Department of Biochemistry, School of Molecular and Cellular Biology, University of Illinois, Urbana, Illinois 61801, USA.
J Biol Chem. 2011 Feb 18;286(7):5540-5. doi: 10.1074/jbc.M110.182055. Epub 2010 Dec 22.
Cytochrome P450 3A4 (CYP3A4) displays non-Michaelis-Menten kinetics for many of the substrates it metabolizes, including testosterone (TST) and α-naphthoflavone (ANF). Heterotropic effects between these two substrates can further complicate the metabolic profile of the enzyme. In this work, monomeric CYP3A4 solubilized in Nanodiscs has been studied for its ability to interact with varying molar ratios of ANF and TST. Comparison of the observed heme spin state, NADPH consumption, and product formation rates with a non-cooperative model calculated from a linear combination of the global analysis of each substrate reveals a detailed landscape of the heterotropic interactions and indicates negligible binding cooperativity between ANF and TST. The observed effect of ANF on the kinetics of TST metabolism is due to the additive action of the second substrate with no specific allosteric effects.

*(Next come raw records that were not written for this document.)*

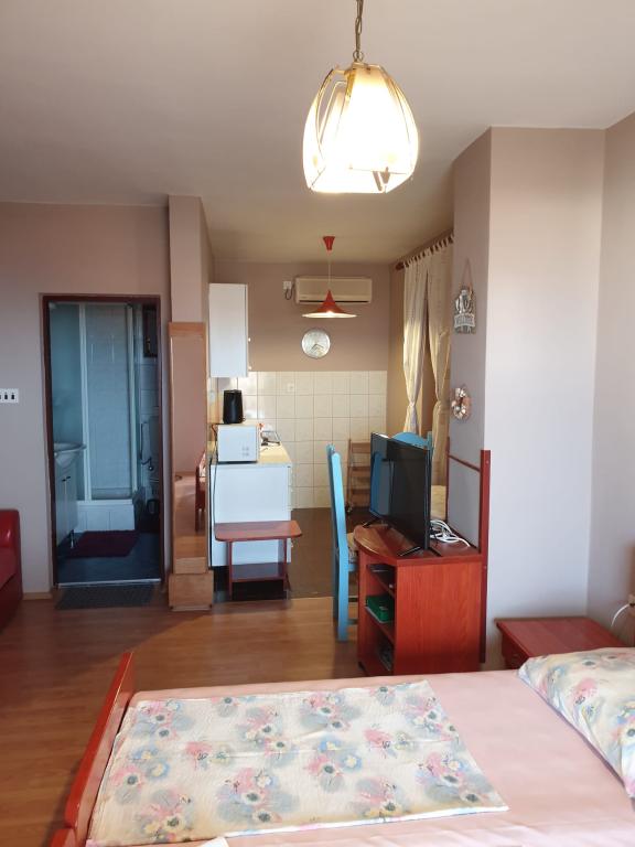We stayed in the facility for six nights, we were welcomed very warmly. The hostess is caring and kind, before we arrived in Preko she called us that the accommodation was ready ahead of time and that we could come freely. Upon arrival, she treated us with a welcome drink and a small gift that greeted us in the room. The apartment was clean and tidy, and well equipped with everything for a pleasant stay - air conditioning, refrigerator, microwave, kettle, oven, dishes, glasses, etc. House rules are respected in the accommodation and it is always very quiet, which is good for people who really want to rest. You can walk to the beach in about five minutes. The first store (Tommy supermarket) is a few minutes away from the accommodation. The town of Preko is full of wonderful beaches, restaurants, cafes, pastry shops, nature that you can visit for days. There is also the possibility of a trip to Kornati, which we definitely recommend because we went and it was great. Reservations can be made at the travel agency in Prek. It was very pleasant for us and we hope to return next year. Recommendation!
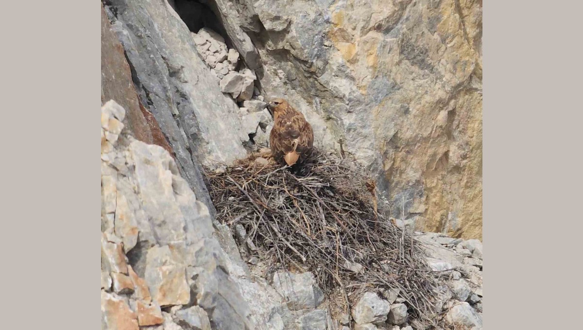 MALATYA (İHA) - Akçadağ Karapınar Tavşantepe mevkiinde yaşanan olayda, taş ocağında patlatma hazırlıkları yapılırken, iş makinesi operatörü Erdal Şahin kızıl şahin yavrusunu fark etti. Yuvada yapılan incelemede nesli tehdit altında olan yırtıcı kuş türlerinden biri olan kızıl şahine ait biri sağ, diğeri telef olmuş iki yavru bulunurken, çalışmalara ara verildi.
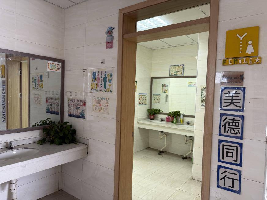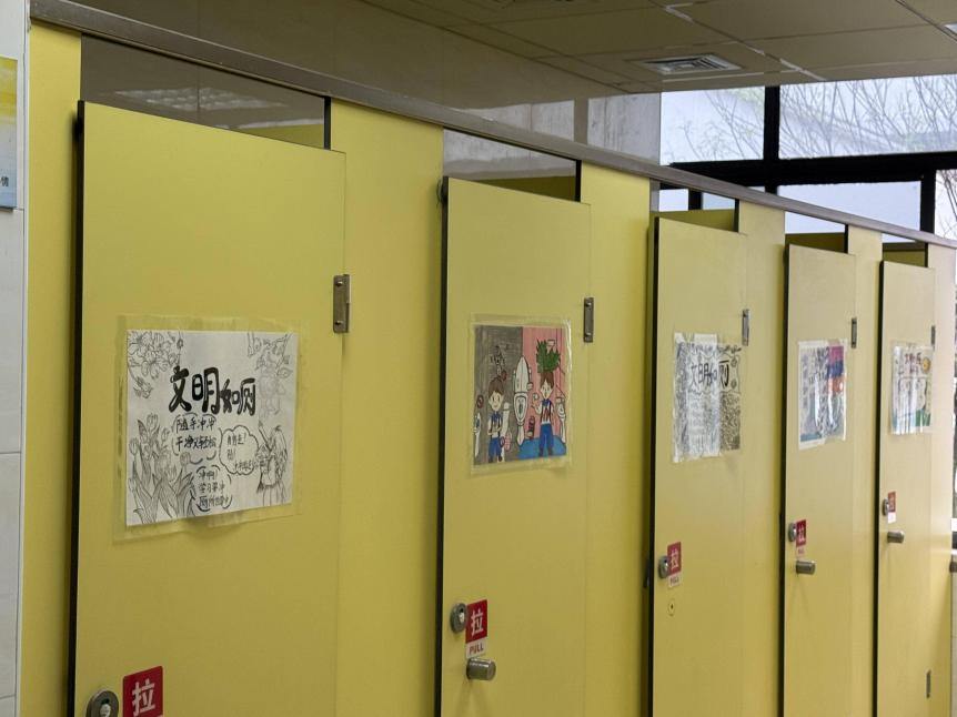 色彩明快的卡通手绘,将讲卫生、懂礼貌的小知识化作生动有趣的画面;温馨质朴的提示标语,用童真话语提醒大家文明如厕、爱护公物;清晰规范的七步洗手法图示,手把手传递健康生活常识;工整雅致的诗词书法与主题手抄报,将传统文化与文明理念巧妙融合……一件件充满童趣的作品,被精心布置在各楼层卫生间的墙面、门板之上,让原本平淡的厕所空间焕然一新,处处洋溢着童真与文雅,步步皆能感受文明熏陶。
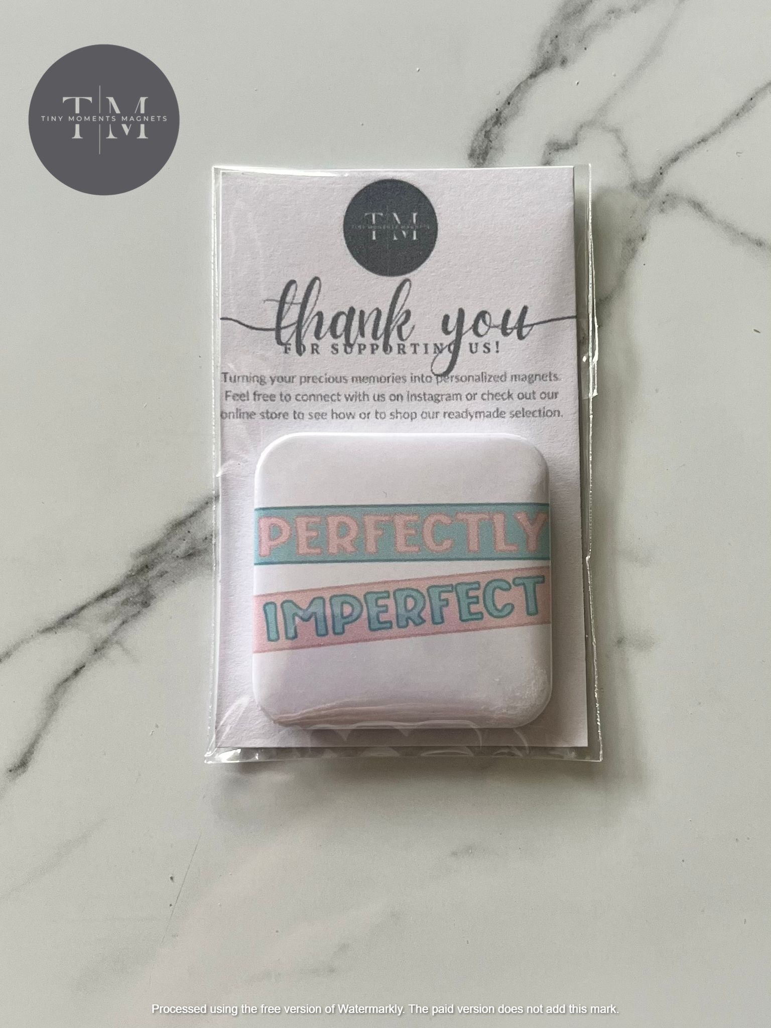 1.5" square magnet of Words of Affirmation : Perfectly imperfect
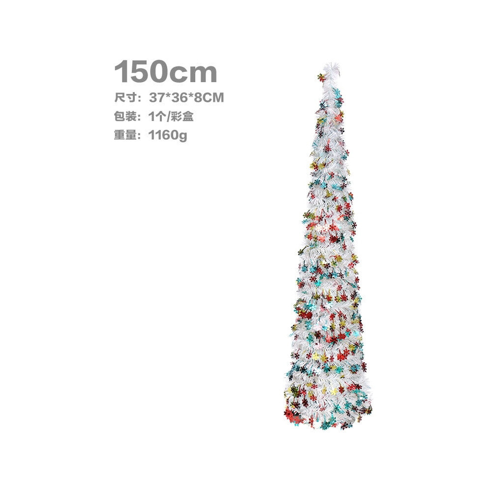 5Ft/1.5M Pop up Collapsible Christmas Tree with Lights, Silver Tinsel Skinny Pen
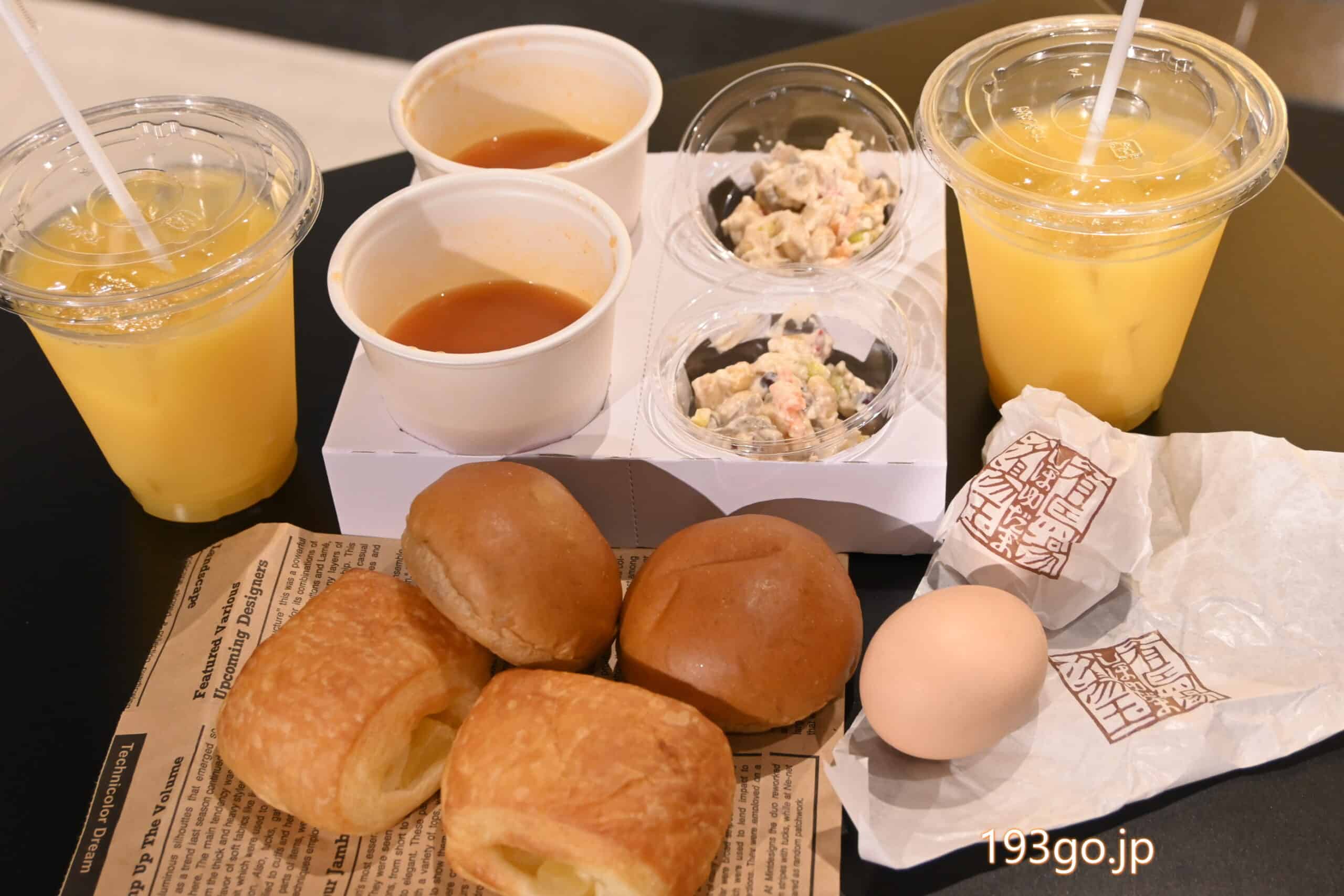 ミニサイズのパン2種とスープ、サラダ、ゆで卵&ドリンク1杯。
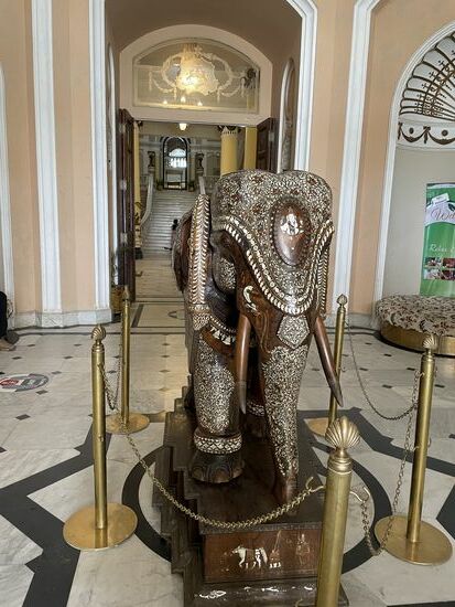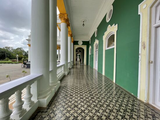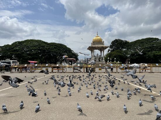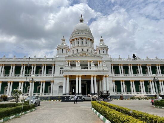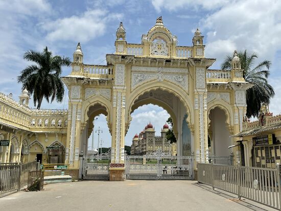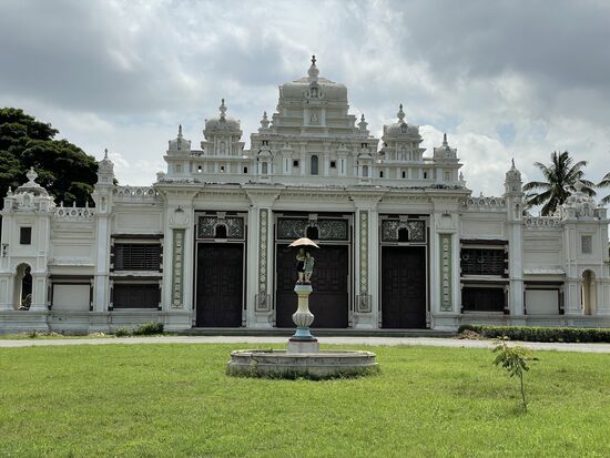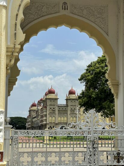 Wir fahren weiter und kommen zu einem grossen Gittertor mit einem Wärterhäuschen dabei. Es ist die Einfahrt zum Lalitha Mahal Palace. Einst der Wohnsitz der Könige, heute ein Hotel. Ich hatte davon bereits gelesen, als ich mein Hotel in Mysore gesucht hatte, aber das Hotel steht ziemlich weit weg vom Zentrum entfernt.

细胞色素 P450 3A4(CYP3A4)对其代谢的许多底物表现出非米氏动力学,包括睾酮(TST)和α-萘黄酮(ANF)。这两种底物之间的变构效应会进一步使酶的代谢谱复杂化。在这项工作中,研究了在 Nanodiscs 中溶解的单体 CYP3A4 与不同摩尔比的 ANF 和 TST 相互作用的能力。通过对每个底物的全局分析的线性组合计算出的非协同模型与观察到的血红素自旋态、NADPH 消耗和产物形成速率进行比较,揭示了变构相互作用的详细情况,并表明 ANF 和 TST 之间几乎没有结合协同性。观察到的 ANF 对 TST 代谢动力学的影响是由于第二个底物的加和作用,没有特定的变构效应。